Copy, exactly as written, the lines that begin at the one containing "新林林業(yè)局黨委副書記" and end at the one containing "India 1900 QV". Skip any pictures in the data below.
Start of MATERIAL FOR THIS EXERCISE
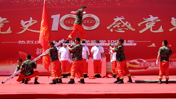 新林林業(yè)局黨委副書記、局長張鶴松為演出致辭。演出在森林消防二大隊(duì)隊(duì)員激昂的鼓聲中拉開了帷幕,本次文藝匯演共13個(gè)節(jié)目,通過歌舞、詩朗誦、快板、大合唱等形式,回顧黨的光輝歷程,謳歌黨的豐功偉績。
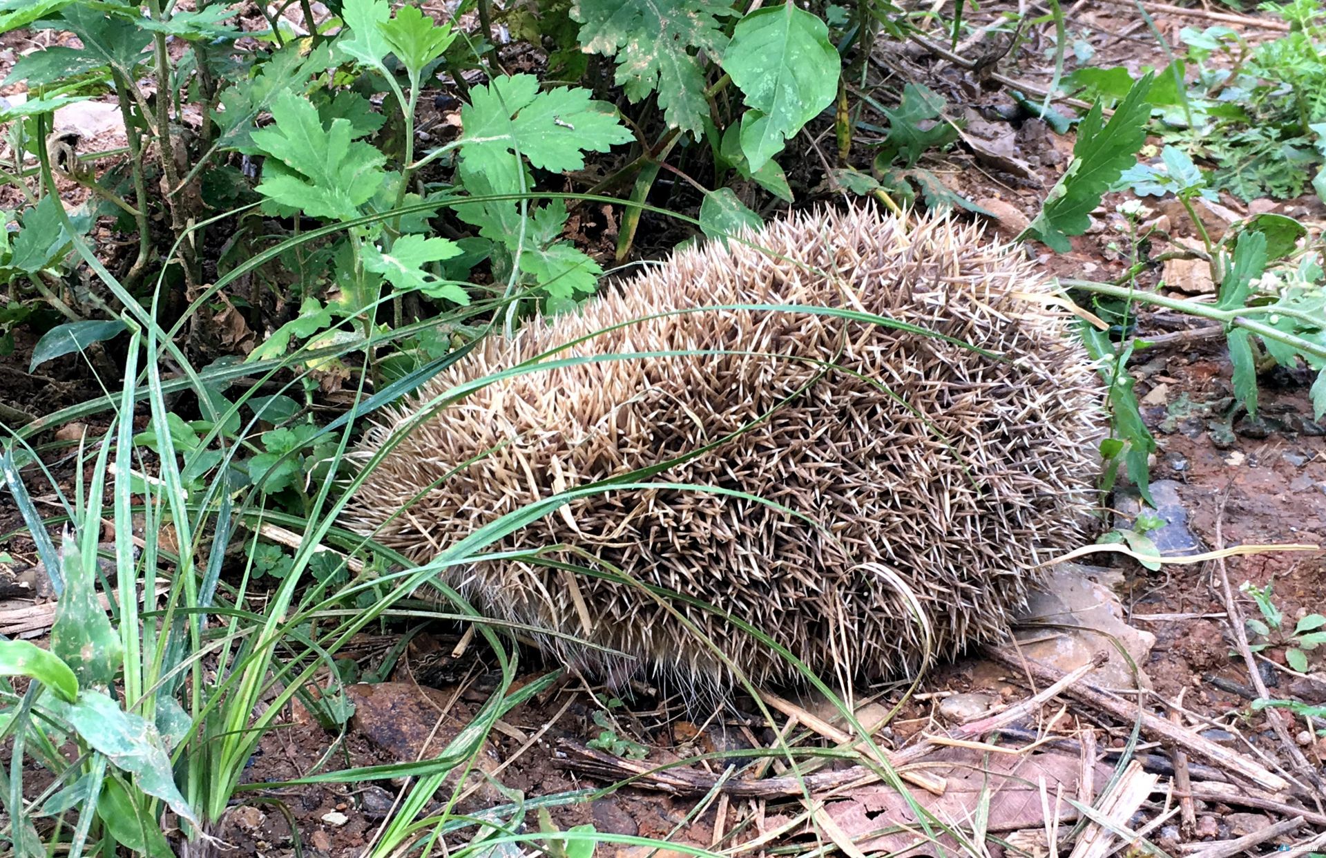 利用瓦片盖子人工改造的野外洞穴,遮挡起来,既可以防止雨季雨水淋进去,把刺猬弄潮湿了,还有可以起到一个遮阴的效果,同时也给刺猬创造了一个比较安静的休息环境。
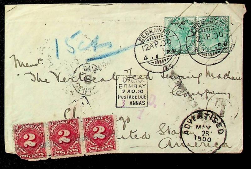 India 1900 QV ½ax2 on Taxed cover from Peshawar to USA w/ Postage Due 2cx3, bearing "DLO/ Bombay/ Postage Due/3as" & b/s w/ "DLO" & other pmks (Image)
End of MATERIAL FOR THIS EXERCISE
Start of MATERIAL FOR THIS EXERCISE
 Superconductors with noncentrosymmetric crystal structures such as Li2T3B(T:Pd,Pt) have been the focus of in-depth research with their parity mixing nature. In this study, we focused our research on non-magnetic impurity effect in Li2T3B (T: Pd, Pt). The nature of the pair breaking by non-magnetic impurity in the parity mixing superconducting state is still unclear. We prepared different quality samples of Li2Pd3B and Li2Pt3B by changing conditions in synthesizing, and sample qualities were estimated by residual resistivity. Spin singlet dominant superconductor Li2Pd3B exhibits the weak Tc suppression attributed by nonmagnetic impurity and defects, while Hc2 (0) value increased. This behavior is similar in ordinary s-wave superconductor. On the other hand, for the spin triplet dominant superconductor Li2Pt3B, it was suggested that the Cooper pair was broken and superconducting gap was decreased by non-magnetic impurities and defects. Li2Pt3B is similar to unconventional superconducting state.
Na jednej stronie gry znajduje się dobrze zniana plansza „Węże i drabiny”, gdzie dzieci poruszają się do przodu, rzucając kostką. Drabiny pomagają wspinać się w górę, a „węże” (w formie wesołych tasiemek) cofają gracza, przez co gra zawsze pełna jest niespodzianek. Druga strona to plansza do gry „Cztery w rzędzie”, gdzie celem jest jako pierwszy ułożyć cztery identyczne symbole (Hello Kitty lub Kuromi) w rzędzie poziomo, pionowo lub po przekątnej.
End of MATERIAL FOR THIS EXERCISE
EXERCISE ANSWER →
 新林林業(yè)局黨委副書記、局長張鶴松為演出致辭。演出在森林消防二大隊(duì)隊(duì)員激昂的鼓聲中拉開了帷幕,本次文藝匯演共13個(gè)節(jié)目,通過歌舞、詩朗誦、快板、大合唱等形式,回顧黨的光輝歷程,謳歌黨的豐功偉績。
 利用瓦片盖子人工改造的野外洞穴,遮挡起来,既可以防止雨季雨水淋进去,把刺猬弄潮湿了,还有可以起到一个遮阴的效果,同时也给刺猬创造了一个比较安静的休息环境。
 India 1900 QV ½ax2 on Taxed cover from Peshawar to USA w/ Postage Due 2cx3, bearing "DLO/ Bombay/ Postage Due/3as" & b/s w/ "DLO" & other pmks (Image)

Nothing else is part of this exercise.